For similar reasons I don’t like one of the album’s hits, “Right By Your Side” with its calypso drums, awkward hand claps and police whistles.  The melody of this song could stand alone, but it is buried in all this artifice like a room with too many pictures hanging on the walls.  Worst of all, it ends with a sax solo fade out.  Dave Stewart – you are better than that.

Paint a Rumour” and “Right By Your Side” are the exceptions however and other layered techno-dance tracks including “Regrets,” “The First Cut” and “Cool Blue” all work well in basically the same way.  So for that, let’s give a big chunk of credit to the other half of the Eurythmics, guitar player and producer Dave Stewart, who seamlessly melds Lennox’s smooth vocals over some genuinely interesting studio decisions.

I don’t look for “Touch” to keep things simple; it isn’t what this record’s vibe is about.  However, the exception to this is “Who’s That Girl?” a soulful vocal gem from Lennox, about infidelity and betrayal.  It is both dark and pretty, just like Lennox, and it leave you feeling both uncomfortable and slightly aroused at the same time.  In terms of tone it falls somewhere between the vague suspicions of Bill Wither’s “Who Is He (And What is He To You)?” and the full-on rage of Marianne Faithful’s “Why’d Ya Do it?” but it has earned its place among the great “I think you’re cheating” songs of our time.

Of course, you’d be crazy to cheat on Annie Lennox.  Even wearing that Barbara Streisand wig in the “Who’s That Girl?” video she still pulls off playful siren and slighted Valkyrie at the same time.  If you haven’t seen the video, you’re still just fine with the song, since she does all that with just her voice as well.

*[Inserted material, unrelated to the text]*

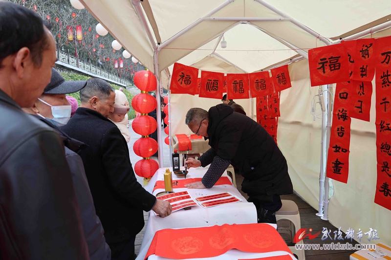 “一边逛吃逛吃,一边欣赏书法文化,内外兼具。”在春联摊位处,书法家们为现场的市民朋友挥毫泼墨,创作了一副副载满新春祝福的春联。

“Touch” isn’t the greatest Eurythmics album, but it has plenty of great moments, and is worth getting to know better.


Best tracks:   Here Comes the Rain Again, Regrets, Who’s That Girl?, Aqua

1 comment:

Anonymous said...

Annie Lennox is a force of nature, agreed. I also enjoyed the two U2 reviews as I have been a long-time U2 fan. I came to your website via Sheila's blog. (Love her style.) I enjoy your intelligent and knowledgeable (and funny) comments about music. Today I have been listening to Daniel Lanois' albums, Acadie and For the Beauty of Wynona. He is well known for producing big names but deserves better recognition for for his own work. I searched your index but could not see that you have reviewed any of his albums. Unless I missed it. Would be interested in your take (if I may be so bold as to suggest it.) I know you do random, but...

Cheers, Violet. I may be anonymous but am female (hard to miss by the name) and reside (newly) in your same fair city. Also lived in your other fair city for 26 years, PR.